City Solicitor Rosalie Evans said Friday afternoon that the city had reached a compromise with the Toronto-based company that plans to build a wind farm in Neebing. The proposal would see Horizon Wind Inc. alter some of its plans, including the removal of a controversial wind turbine location near the Loch Lomond Ski hill.

“Administration is recommending the settlement … which will see the Big Thunder Wind Farm project approved from the point of view of the city as landlord and Horizon as tenant,” Evans said Friday.

If council does approve during an April 4 meeting, Horizon will drop the lawsuit it levied against the city in October 2010.

“We’ve been working with Horizon and its lawyers to try and find a compromise that both sides can live with,” she said.

“We worked very hard at this and it is a compromise from both sides. We had to give up on some of the positions we took in the past, and Horizon had to give up on some of the positions that it took in the past.”

The compromise would allow Horizon to move ahead with the first phase of its Big Thunder Wind Park project. That phase, however, is still subject to the province’s Renewable Energy Approval.

The company’s proposed first phase has been altered. Horizon originally had plans to build 11 turbines that would produce 16.5 megawatts of generating capacity. Now Horizon says it can build eight more efficient wind turbines and produce the same generating capacity.

The legal woes between the company and the city began after council did not approve four of Horizon’s preferred wind turbine locations during an October 2010 council meeting.

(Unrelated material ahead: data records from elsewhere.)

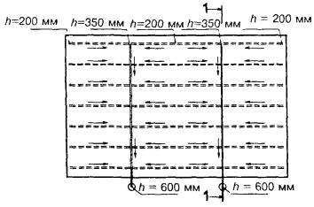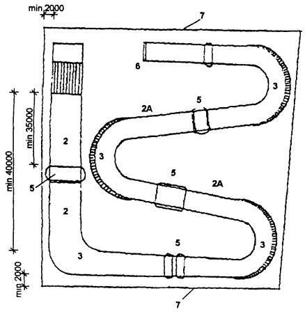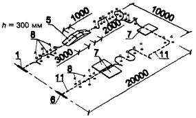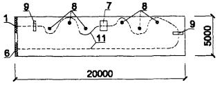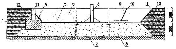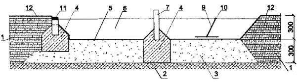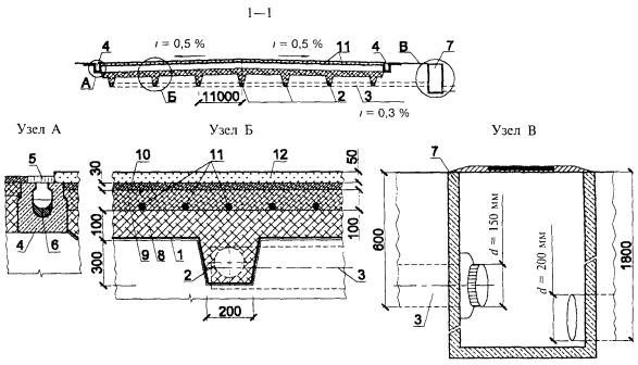 1 - геотекстиль; 2 - продольная дренажная труба d = 100 мм; 3 - поперечная дренажная труба d = 150 мм; 4 - железобетонный лоток; 5 - деревянная решетка; 6 - бетонная стяжка; 7 - промежуточный колодец; 8 - щебень фракций 5 - 40 мм; 9 - щебень фракций 2 - 10 мм; 10 - щебень фракций 1 - 5 мм; 11 - отопительные трубы d = 25 мм; 12 - синтетическая трава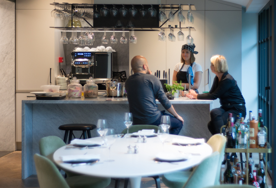 Er prijkt direct bij binnenkomst een tof kookeiland in de ruimte waar je zelfs omheen kunt kruipen met een glas wijn, dus de chef du jour heeft direct contact met zijn/haar gasten.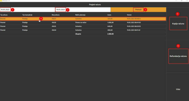 Kroz funkcionalnost PREGLED RAČUNA korisnici mogu da izvrše proveru svih računa izdatih za traženi period, izvaditi kopiju računa, kao i izvršiti refundaciju računa.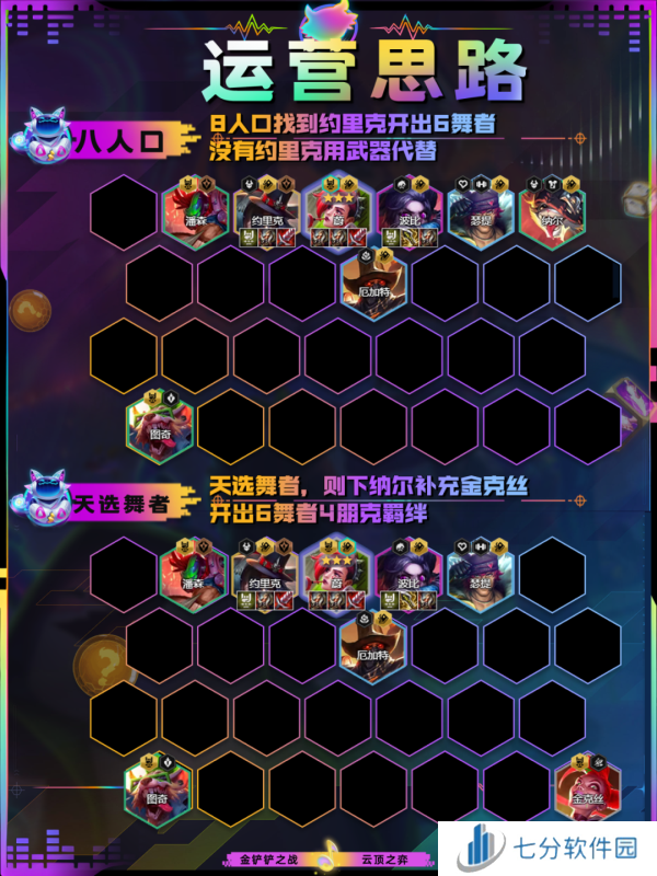 如果有2星约里克,优先约里克当主C,强度会比波比高很多。装备被优先拿朋克转,其他装备随便搭配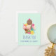 Ett platt tackkort. Illustrerad med teckning av en 3-scoop glass sundae med färgstarka sprinkler. En glasskon med choklad- och vaniljglass. En skål neopolitan glass med körsbär på toppen. Jordgubbar och ananas frukt sitter bredvid skålarna. Summery och söt.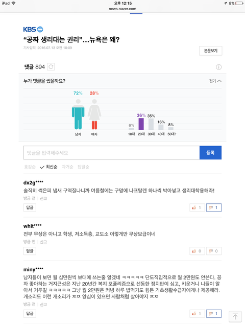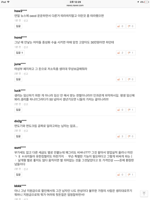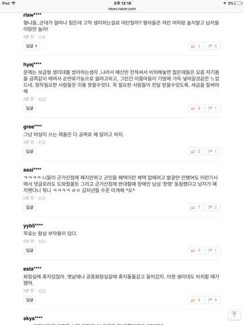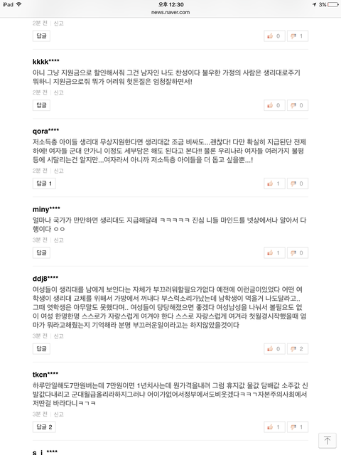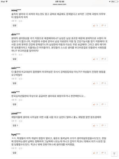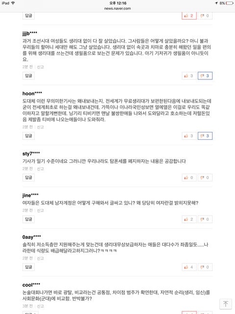 방금 네이버 뉴스보다가 많이 본 뉴스에 생리대 무상지급이 1위라서 들어 가봤는데 댓글 수가 어마나 하더라구요...
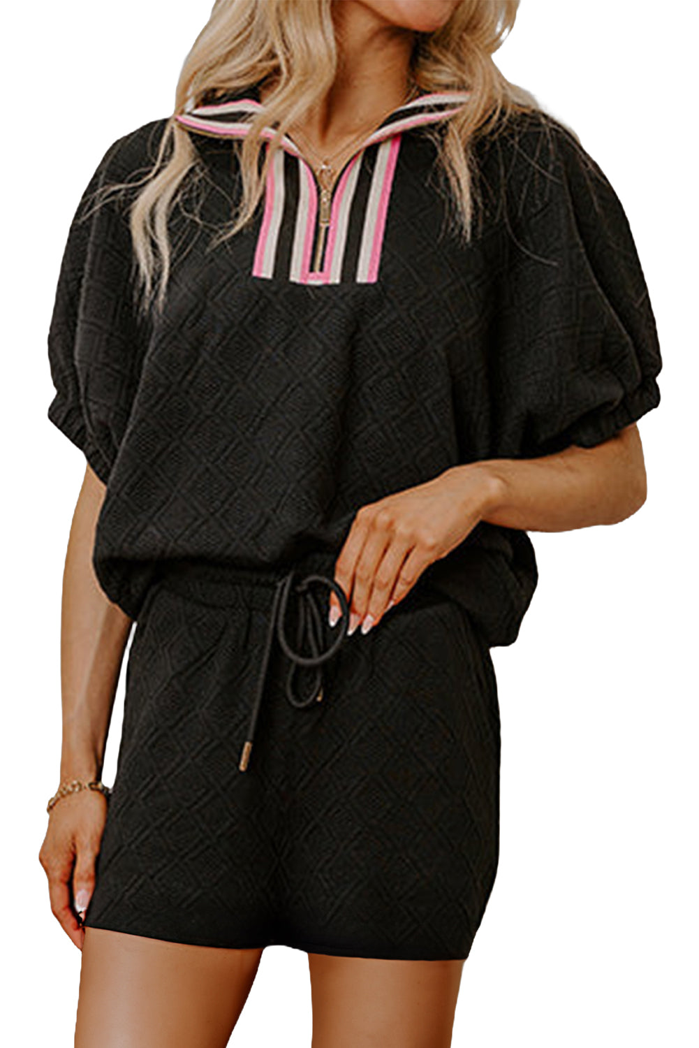 Black Striped Pop of Color Collared Checkered Textured Shorts Set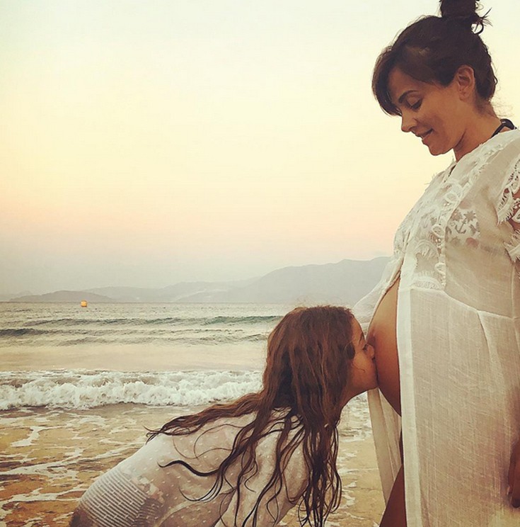 εγκυμονούσα ηθοποιός ποστάρει συνεχώς στα social media φωτογραφίες της με μαγιό δείχνοντας τη φουσκωμένη της κοιλιά, αυτή τη φορά πόζαρε με την κόρη της Λυδία να φιλάει την κοιλιά της και ανέβασε το στιγμιότυπο γράφοντας «Just the three of us» (Οι τρεις μας μόνο).

The $126 million suit filed by Horizon cited breach of duty of good faith, breach of contract and misrepresentation among other things.

A public memorandum released Friday that details the compromise states that Horizon has agreed to scrap two of the four locations the city had issues with in October. Preferred locations listed by the company’s plans as no. 10 and 11 will be shelved, while controversial sites no. 8 and 9 will remain.

New no. 10 and 11 sites have been chosen, but are now farther away from their original locations.